I'm watching this man get up in the driver's face and he starts going, “You got to move this bus. There's another bus right behind us. Why do we got to why do we have to wait for this? If people who are on time, they'll get the next bus. This bus will get them. Why do we have to be late? This is why you see all the buses together in the street. Because the bus is late. We shouldn't have to wait. Why are we punished for being early?”
He's being loud, and everyone on the bus is going, “Oh, this guy!”
And I'm looking around and I'm trying to be empathic and I'm like, “Oh, this guy!” Because I want to be people.
But in my head, I'm secretly thinking, “He's not wrong. Most people could get the next bus.”
But like empathy, I'm having empathy for the people around me who are annoyed. And then he goes too far. He gets like, right up in the driver's face. The driver goes, “Hey, I just go by the schedule.”
And he goes, “Oh, you must be new. Nobody does that. I've been taking this bus for 15 years.”
And he's right up in her face. And I'm like, “Somebody's got to say something.”
So I stand up and I go, “Hey, man!”
And he turns and looks at me, and the driver looks at me, and everyone on the bus looks at me.
And that was all I had planned. Couldn't be more present now. It's like, okay. So I'm like, “You gave it a shot.”

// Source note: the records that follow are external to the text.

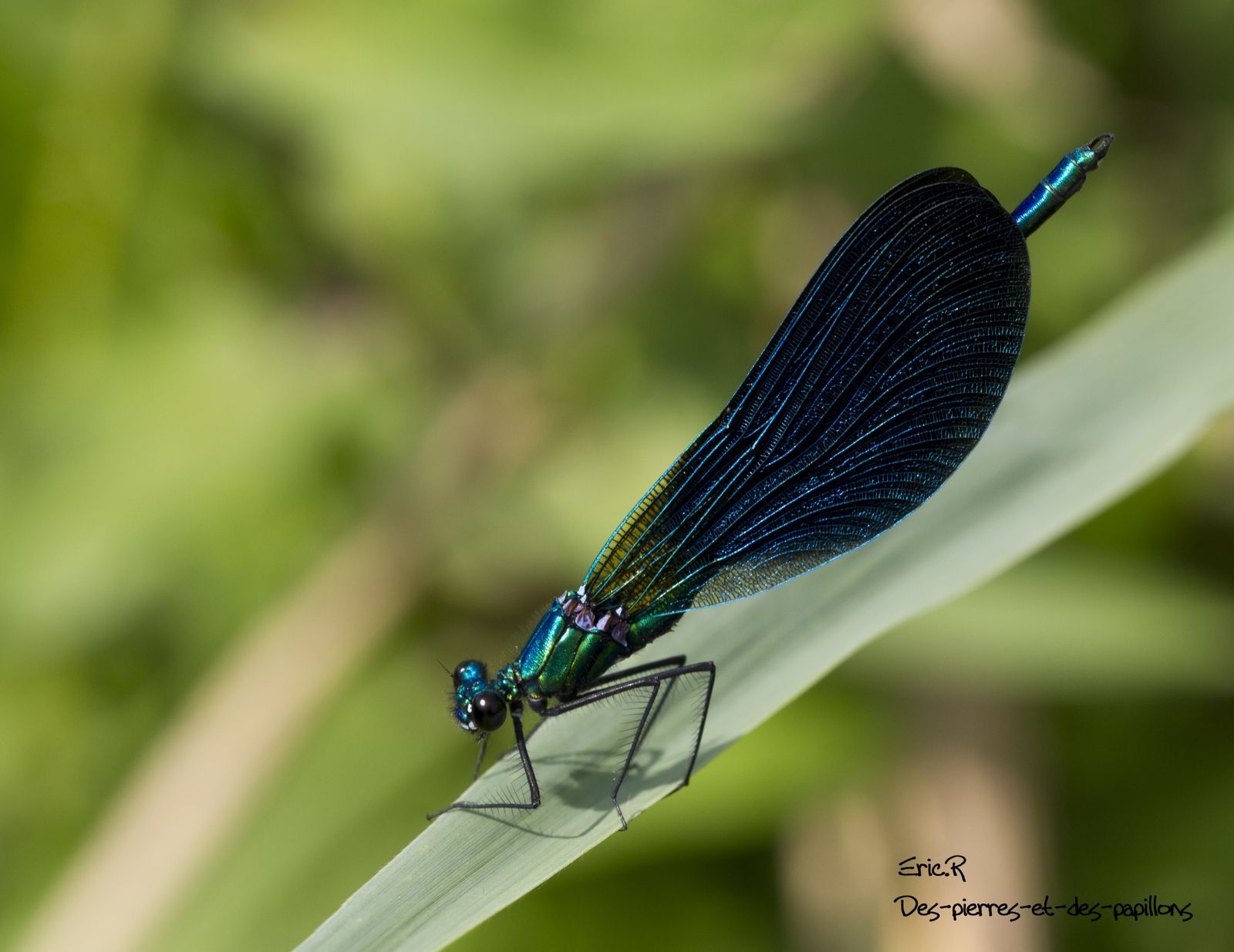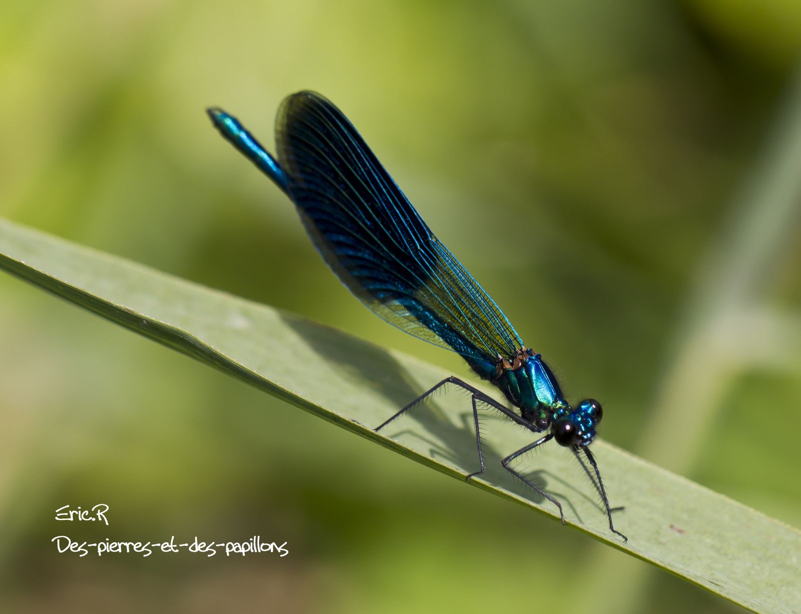 Caloptéryx éclatant - Calopteryx splendens, semblabale au caloptéryx vierge, avec des ailes bicolores.
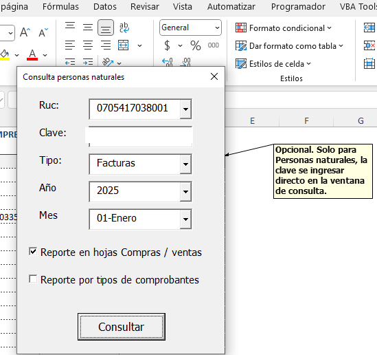 - Consultar comprobantes recibidos usando RUC y clave de persona natural (habilitado para facturas) desde la plantilla de Excel.
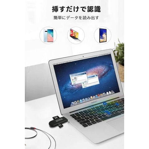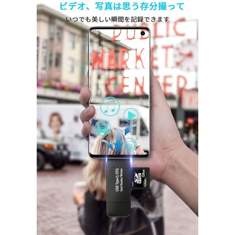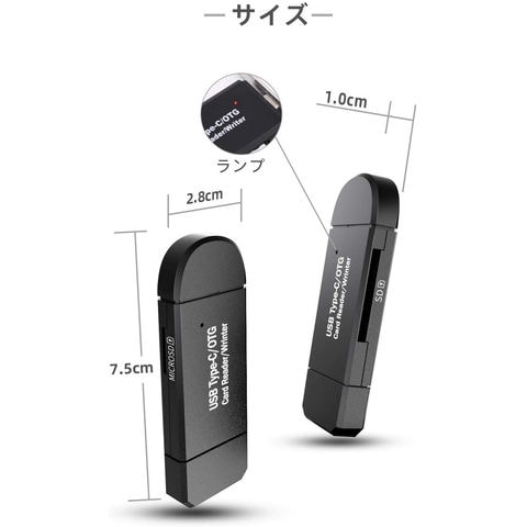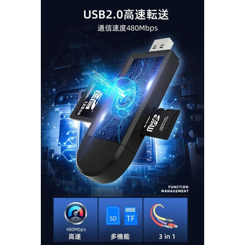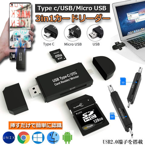 【USB2.0対応の専用カードリーダ】各種USB2.0端子を搭載するデバイスに適用しています。パソコンはもちろん、タブレットやスマホでも使えます。最大伝送速度480Mbpsの高速データ転送体験を実現しています。【3in1カードリーダー】Type-cとMicro USBとUSB2.0の3種類の端子を組み合わせで、PCやOTG機能対応のタブレットやAndroidスマートフォンのデータ転送に最適します。(ご注意:Type-cはsonyには対応していないです。)
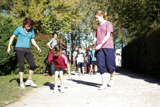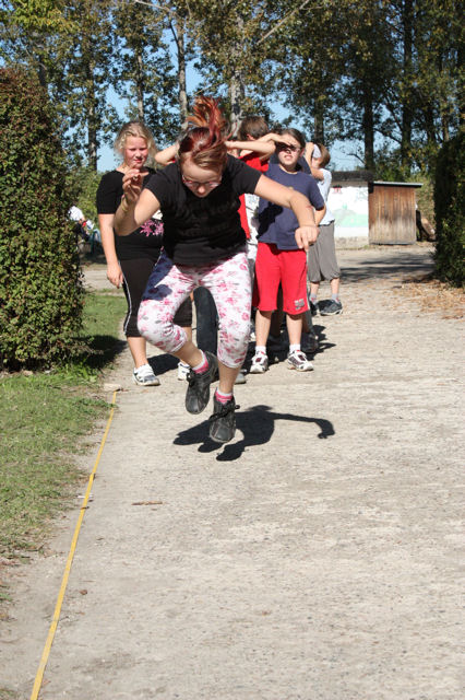 die Jahrgangsstufen 1und 2 absolvierten Zielwurf, Weitsprung und
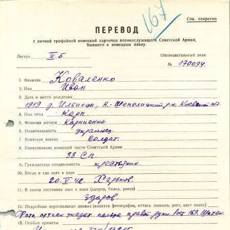 Коваленко Иван Карпович, 1919 г. р., д. Ильинцы, Ново-Шепелицкий район, Киевская область. Рядовой, 38 стрелковый полк. Попал в плен 20.05.1942 в Харькове, шталаг IV Б. 13.08.1942 переведен в Лагерь IV Ф.
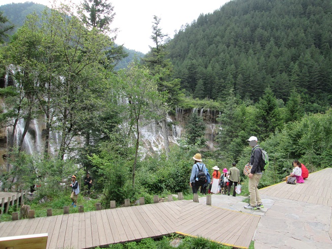 旅行前の私が湖だけかと思っていた九寨溝には大小さまざまな滝がありますが、名前の付いた滝はどれも大きくてカメラには収まりきれません。ここもそのうちの1つ。
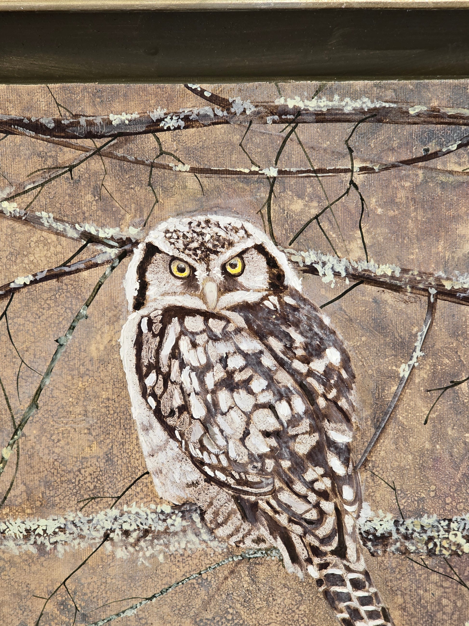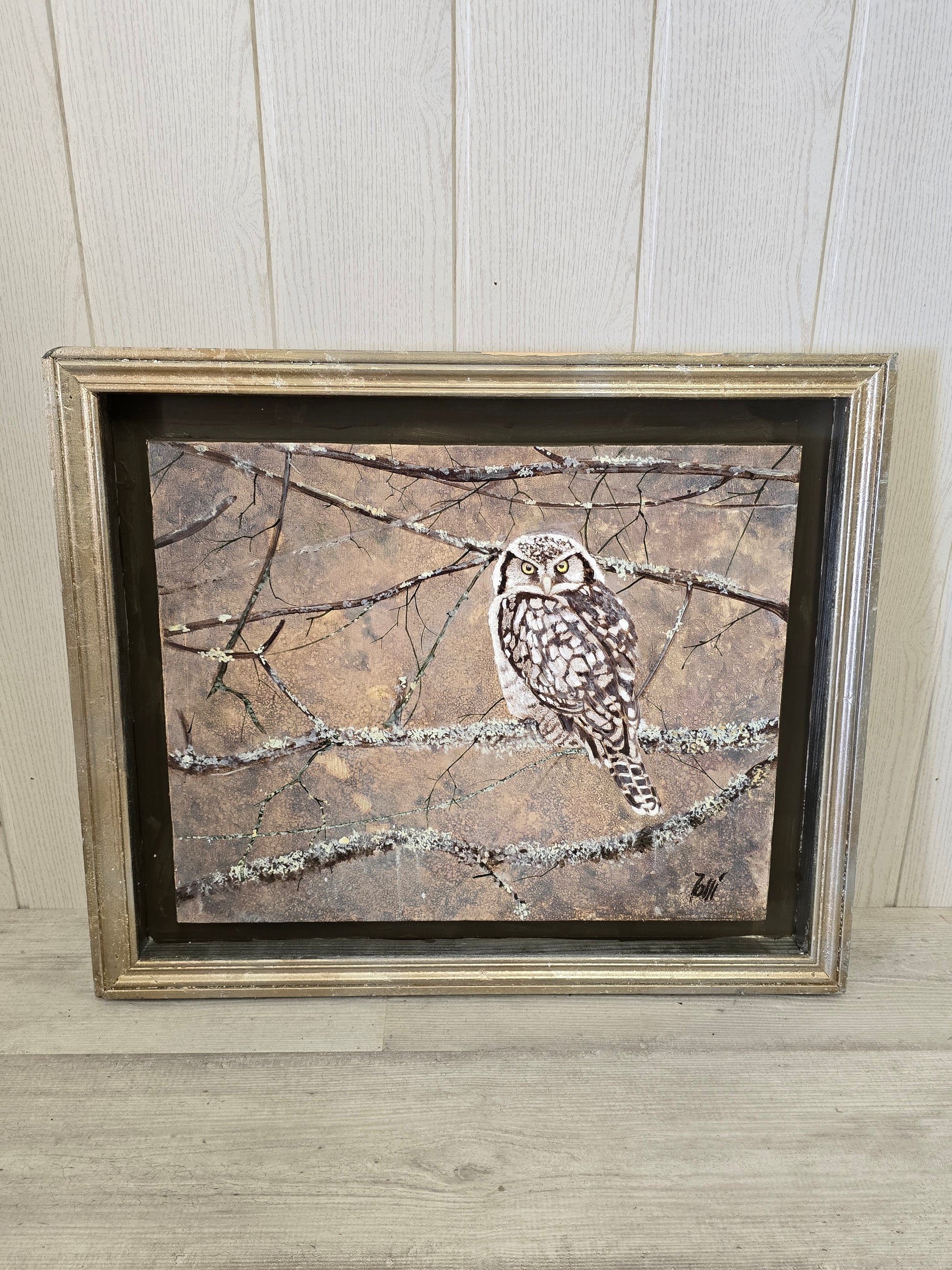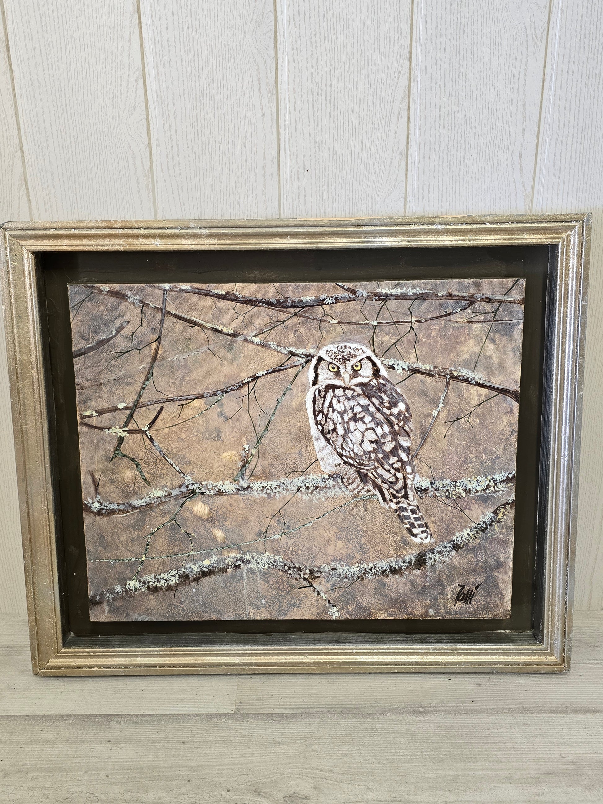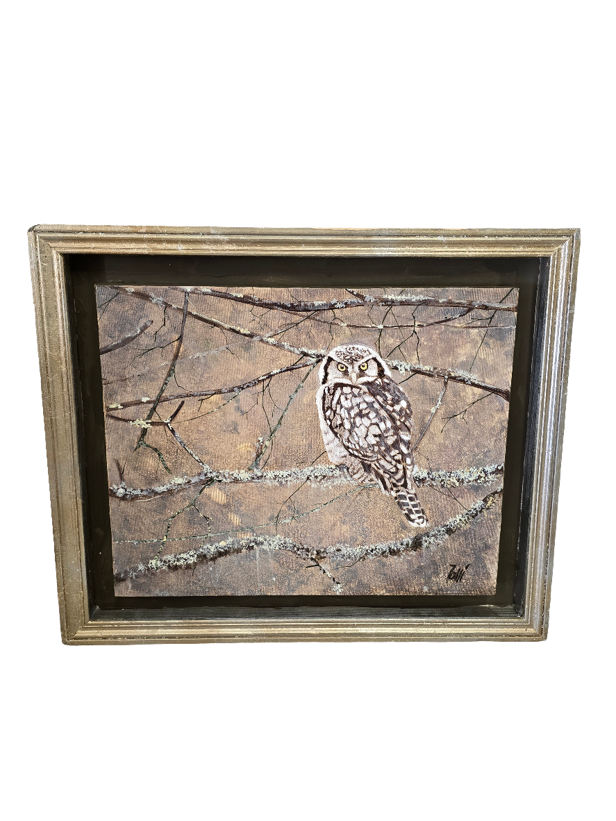 Œuvre représentant une chouette épervière sur une branche enneigée.
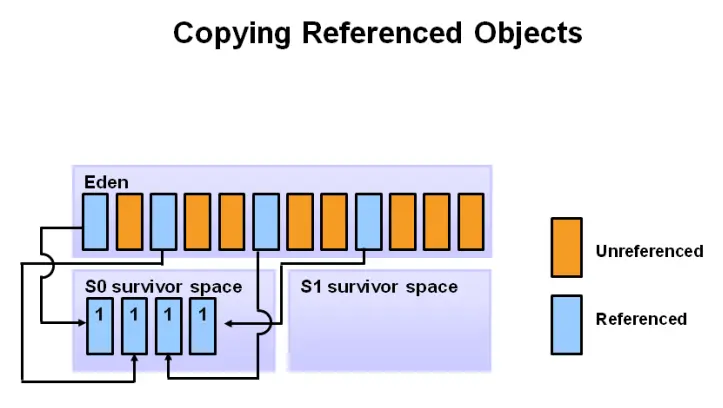 Step3. 仍然存活的对象移至 Survivor 空间,年龄为1,不再引用的删除,清理 Eden 空间:
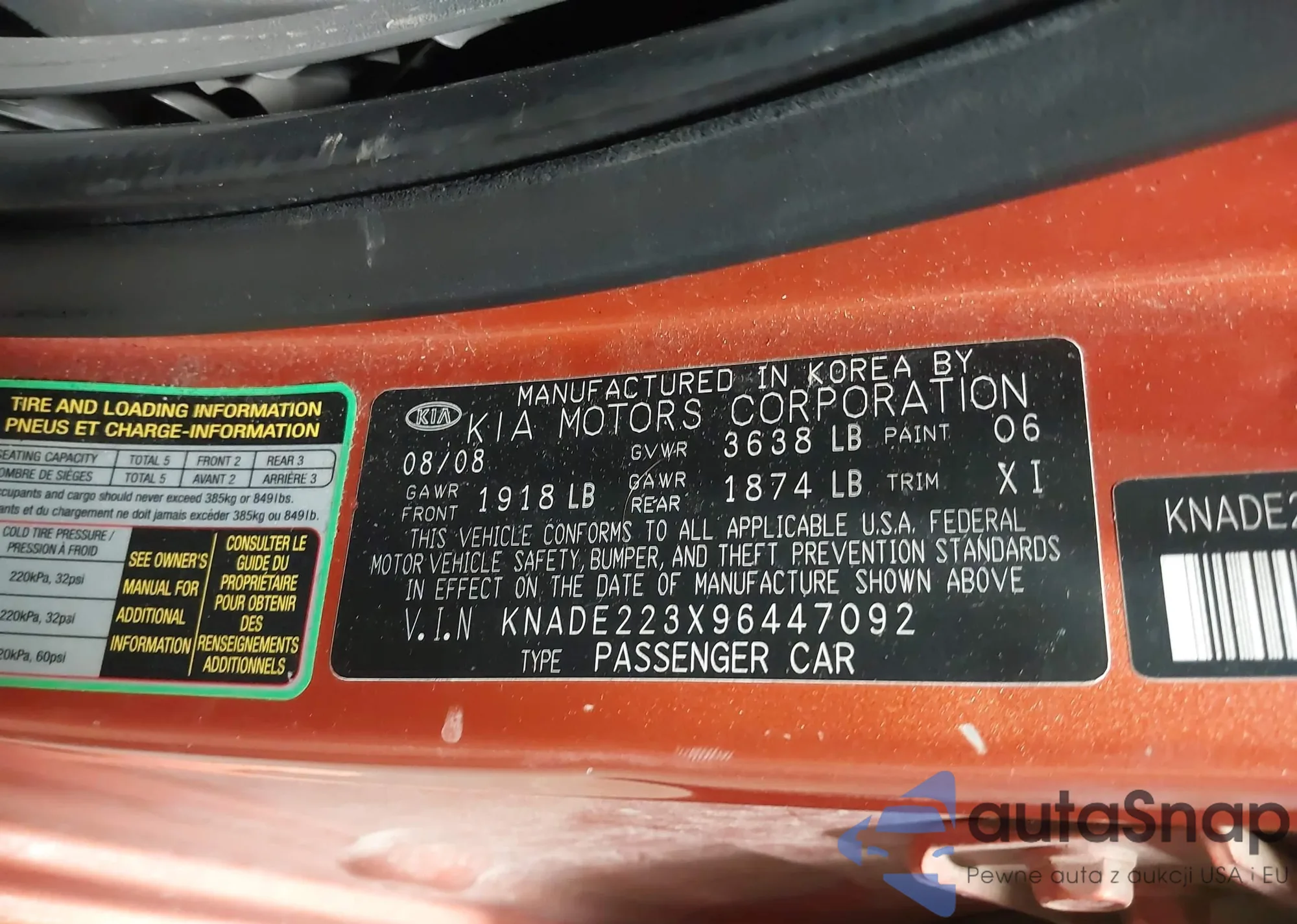 • VIN KNADE223X96447092
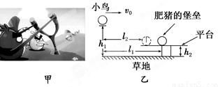 (2)如果小鸟弹出后,先掉到平台上(此时小鸟距抛出点的水平距离为l2),接触平台瞬间竖直速度变为零,水平速度不变,小鸟在平台上滑行一段距离后,若要打中肥猪的堡垒,小鸟和平台间的动摩擦因数μ与小鸟弹出时的初速度v0应满足什么关系(用题中所给的符号h1、l1、h2、l2、g表示)?
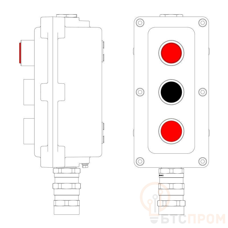 LCSD-03-B-MC-L1R(220)x1-P1B(11)x1-P1R(11)x1-PCMB-KA3MHK Взрывозащищенный местный пост управления из алюминия на 3 эл.управления. Маркировка: 1Ex d IIB T5 Gb / Ex tb IIIC T95°С Db / IP66 Температура окружающей среды: От -60°C до +40°C Элементы управления L1 – индикатор. Цвет красный - 1шт. P1 – кнопка без фиксации. Цвет черный - 1шт. P1 – кнопка без фиксации. Цвет красный - 1шт. Кабельные вводы Снизу: Взрывозащищенный кабельный ввод серии КА для бронированного кабеляМ25х1,5 d:11,8-18мм D:15-25мм. Никелированная латунь IP66/IP68 Сверху: Взрывозащищенная заглушка Ex d e, М25x1,5. Никелированная латунь. IP66/67/68

Because I wanted to be empathic to him too. Like, okay, practicing empathy. That's what I said out loud and what I desperately wanted to say, what was screaming inside of my head was, “Hey, man. How do I stop myself from becoming you?”
Because I realized in that moment, I looked at this man. You heard how I described him? Tall man, khaki shorts, blue shirt, glasses, brown hair. I realized, looking at him, that this was me from the future. And he looked back at me. I was like, “Oh my God, he's come here to warn me, that I have to get my overthinking under control. He's demonstrating.”
And he looked at me and he said, “Oh, you think you're aware of it? You think that's enough? You don't think you have to make hard decisions right now? It's enough to be aware of it. Well, maybe your life gets worse. Maybe your girlfriend breaks up with you. Maybe comedy doesn't work out the way you thought it was going to work out. Maybe you can't afford to buy new clothes for 15 years.”
And he looked me in the eyes and he said, “The bus schedule is going to get very important.”
I’m Nat Towsen. Thank you very much.